Until I read an article this morning by Ursula K Le Guin, I had absolutely decided not to read one word of GO SET A WATCHMAN. Now I’m no longer sure.
Why the fuss, you ask. Why the indecision about an issue of so little importance? Just read GO SET A WATCHMAN and decide for yourself whether it was worth the time. You can always put it down before you finish.
Besides, wouldn’t it be interesting to trace the whole, otherwise mysterious journey of a great novel’s composition? GO SET A WATCHMAN as a first draft to which an astute editor reacts by advising Harper Lee to set the novel when Scout was still an innocent child – the result: TO KILL A MOCKINBIRD.

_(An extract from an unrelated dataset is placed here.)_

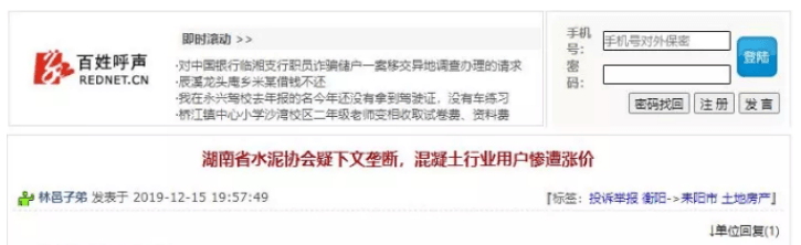 日前,湖南省地方新聞網(wǎng)站紅網(wǎng)《百姓呼聲》欄目刊載耒陽市八家商品混凝土公司的聯(lián)名投訴水泥廠連續(xù)四個月對水泥漲價110元/噸。從七月份起的350元/噸漲到460元/噸。與相鄰區(qū)域差價85元/噸。市場監(jiān)督管理局將介入調查。
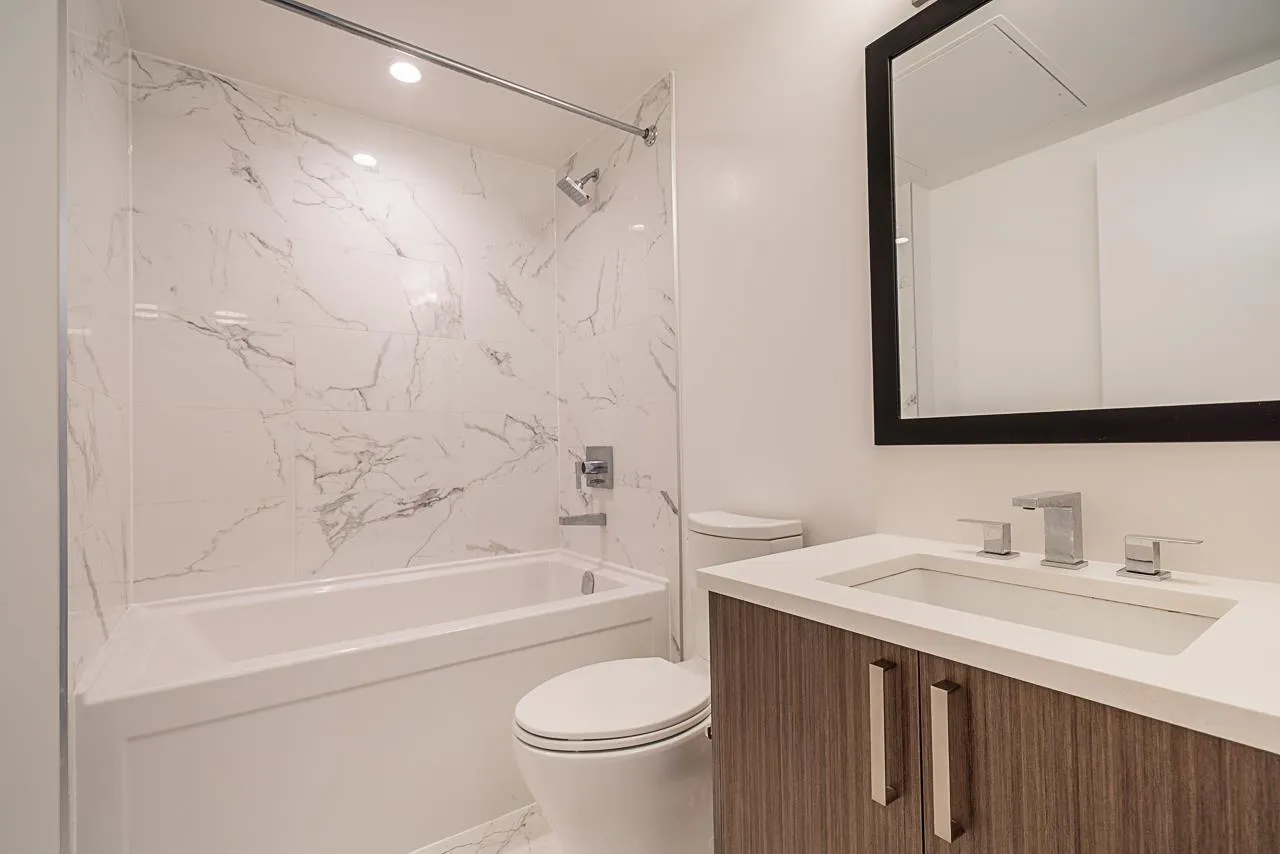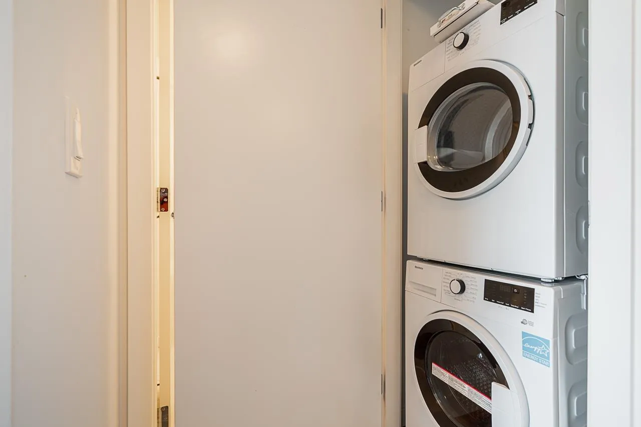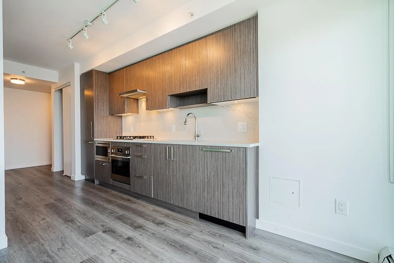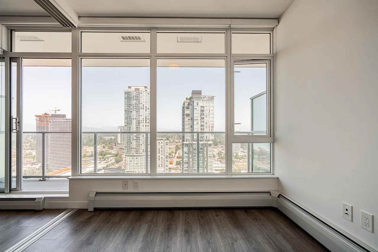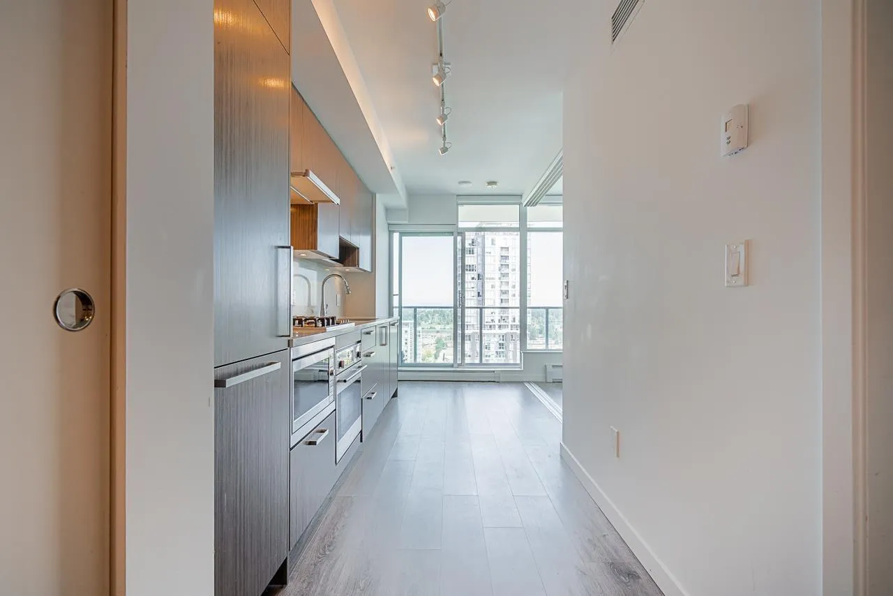 Welcome to One Central, Surrey's tallest residential tower located in the heart of the city! This sleek 2 beds, 1 bath home offers 500 sq ft of thoughtfully designed living space with stunning mountain and city views. The modern kitchen features premium European appliances, quartz countertops, and custom cabinetry. Enjoy floor-to-ceiling Low-E windows with custom roller blinds, a stylish bathroom with floating vanity and frameless glass shower, and in-suite Blomberg washer/dryer. Steps to SFU, Surrey Central SkyTrain, shopping, restaurants, and more. Ideal for first-time buyers or investors! (id:27476)

But how can losing the Atticus Finch we know from reading TO KILL A MOCKINGBIRD be an issue of little importance? We know him too well, and he is too real, and dear to us, to take that lightly. Readers of fiction live in two worlds, the “real” one, crammed with unmediated incidence: We go to a funeral of a loved one, and we brush our teeth on the same day- and the vivid, compressed, world of fiction where every incident has been selected to charge that world with meaning. We talk about a great work of fiction as if it were about something – an imagined happening. But a world is not about anything. It simply is.
Atticus Finch simply is the man who inhabits TO KILL A MOCKINGBIRD. I don’t want to lose him to the lesser man who inhabits GO SET A WATCHMAN.
But in her article , A Personal Take on Go Set a Watchman, Ursula K. LeGuin suggests that a more fully developed GO SET A WATCHMAN would have been a better novel that TO KILL A MOCKINGBIRD. She’s too skilled a writer to paraphrase; so I’ll quote a portion, and suggest you read the rest:
“It appears that the New York editor who handled the book (Go Set a Watchman.) was uninterested in the human and moral situation the author was attempting to describe, or in helping her work through the over-simplifications and ineptitudes of that (early) part of the book. Instead, she apparently persuaded Lee to enlarge on the very charming, nostalgic early parts of the book, when Jean Louise was Scout. Lee was encouraged to go back to childhood, and so to evade the problems of the book she wanted to write by writing, instead, a lovable fairytale.
I like to think of the book it might have been, had the editor had the vision to see what this incredibly daring first-novelist was trying to do and encouraged and aided her to do it more
convincingly. But no doubt the editor was, commercially speaking, altogether right. That book would have found some admirers, but never would it have become a best-seller and a “classic.” It wouldn’t have pandered to self-reassuring images of White generosity risking all to save a grateful Black man.”
Very interesting, a refreshing take: Atticus as saint, a fantasy. Ms. Le Guin seems to be saying that when Harper Lee abandoned WATCHMAN for MOCKINGBIRD, she should have at least caused the adult who tells the story to have lost the innocence that caused her to worship her father as a saint when she was still Scout, the child.
Maybe that would have made an even better novel. I do admit that I wish Harper Lee had not included the scene in which Atticus shoots the rabid dog. Does he really have to be a great shot too, strong, laconic, like Garry Cooper in a western?
But Atticus doesn’t risk all. At the conclusion, he still has Scout. He has his house –into which every day a wise, dignified African-American woman comes to cook and clean for him and be a surrogate mother for Scout. He has his freedom, – unlike the Black man he failed to save. If To Kill a Mockingbird really were a lovable fantasy, wouldn’t that falsely accused person have been declared innocent and freed?
Maybe the story behind the story – the unseen narrative of the writing- is the writer clinging to her childish vision of her father as an antidote to her grief.
So maybe I’ll read GO SET A WATCHMAN – more to study the mysterious process by which a novel is made, than for the story itself.
If I do, I will cling to the Atticus Finch I already know. He is as real to me as, say, Soames Forsyte was to Victorian readers – so real that when John Galsworthy wrote his death in The Forsyte Saga it was reported in the obituary section of British newspapers.